The pull-down menu within the Context Units box is used to select the transfer function of the context units. There are linear and nonlinear context units and linear and nonlinear integrators. The integrators are the same as the context units, except that they normalize the input based on the time constant.

The number of neurons in the context layer is defined by the number of neurons in the layer that feeds the context layer (i.e., the network will assign one context unit per input connection). As with the other neural models, the number of hidden layers must be defined. Note that if there are zero hidden layers, then the first and second topologies are equivalent, as are the third and the fourth. If there is one hidden layer, then the second and third topologies are equivalent. With two or more hidden layers, all four topologies are unique.
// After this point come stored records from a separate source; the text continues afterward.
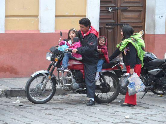 Beim Abendessen lernen wir einen weiteren Teil der Familie kennen. Das Familienoberhaupt besitzt mehrere Kleinbusse die im Nahverkehr eingesetzt werden. Tja und was passiert in Guatemala wenn man zu Geld kommt? Da gibt es sofort ein paar "nette" Leute die mal bei einem anrufen und einen freundlich um eine kleine monatliche "Spende" bitten. Fuer den Fall das man nicht bezahlt hat man dann ein Familienmitglied weniger und in Guatemala wird mit soetwas nicht gescherzt. Es ist schon echt krass was sich die Guatemalteken taeglich gegenseitig fuer ein Leid zufuegen. Nach jahrelangen Buergerkrieg gibt es einfach viel zu viele Leute die nie etwas anderes gelernt haben als eine Waffe zu benutzen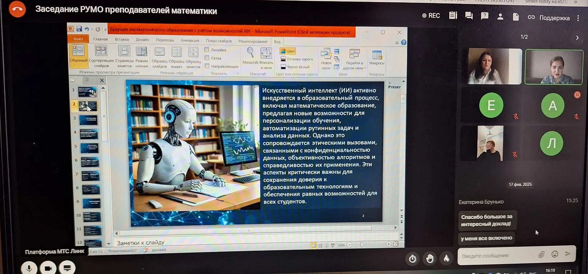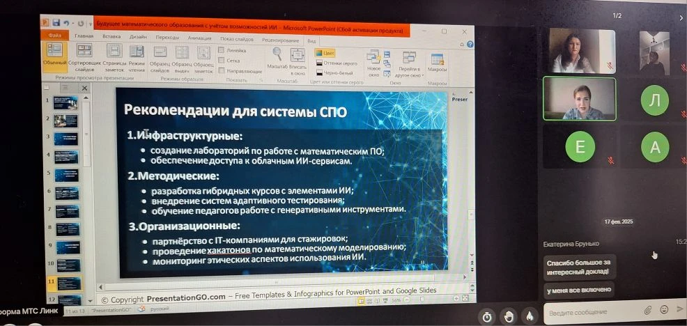 16.02.2026 на базе ГБПОУ «Мелитопольский многопрофильный колледж» прошла видеоконференцсвязь регионального учебно-методического объединения преподавателей математики на тему: «Искусственный интеллект в математическом образовании».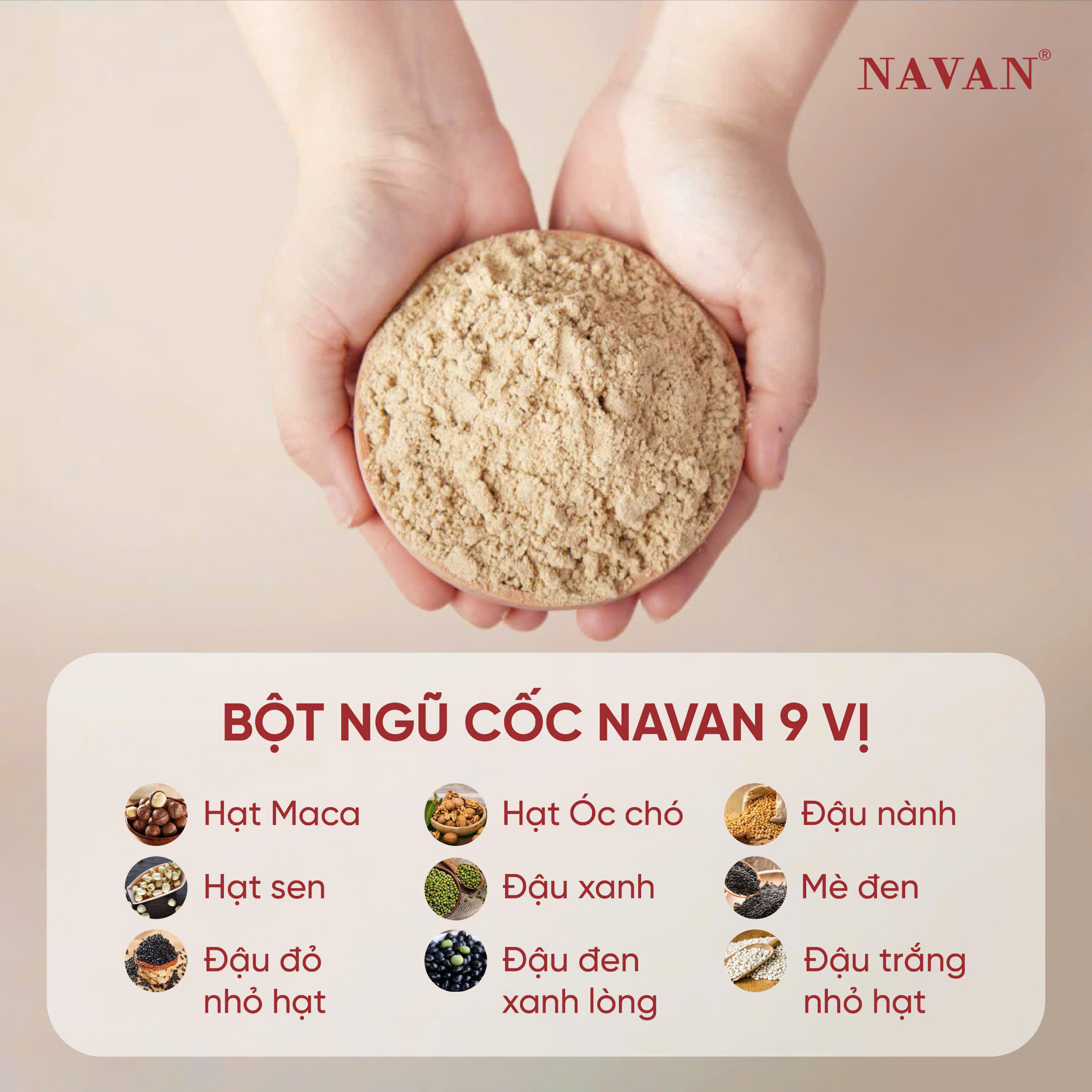 Thành phần bột ngũ cốc Navan gồm 9 loại hạt: hạt macca, hạt óc chó, hạt đậu đỏ, hạt sen, đậu đen, đậu nành, đậu trắng, đen và đậu xanh.

The configuration of all of the Jordan–Elman nets in the current research is selected to feed the context units with the input samples, providing an integrated past of the input. The context unit remembers the past of its inputs using a recency gradient, forgetting the past with an exponential decay, and controls the forgetting factor through the time constant that here is selected to be the IntegratorAxon function of 0.8 s time, with a longer memory depth and a slower forgetting factor. There were a standard of four neurons per hidden layer using as the transfer function TanhAxon; the learning rule was the Momentum function, with a value of 0.7 as the momentum and changing step size per hidden layer on a scale of 0.1.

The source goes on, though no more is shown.